======== DATA SECTION

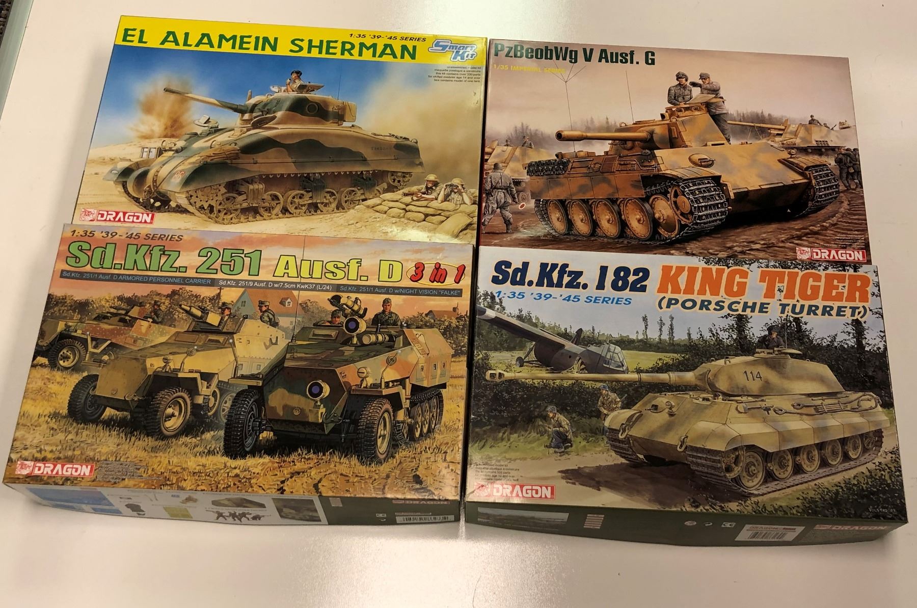 Four Dragon 1/35th Scale Started Military Model Tank Armour Kits - 3 German Armour & 1 British German Tank
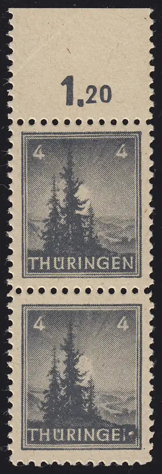 93AXtI Freimarke 4 Pf. senkrechtes Paar mit PLF I THÜRINGEI, Feld 13, **
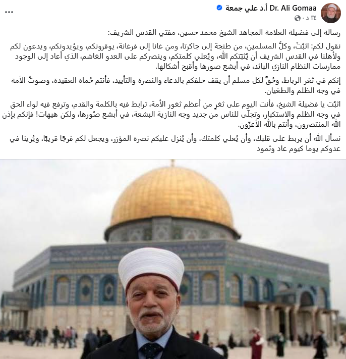 علي جمعة يوجه رسالة دعم إلى مفتي القدس

================

> [TO DO]
Only the pictures may be dropped when you copy the data above; everything else stays exact.

> [RESULT OF THIS TASK]
 Four Dragon 1/35th Scale Started Military Model Tank Armour Kits - 3 German Armour & 1 British German Tank
 93AXtI Freimarke 4 Pf. senkrechtes Paar mit PLF I THÜRINGEI, Feld 13, **
 علي جمعة يوجه رسالة دعم إلى مفتي القدس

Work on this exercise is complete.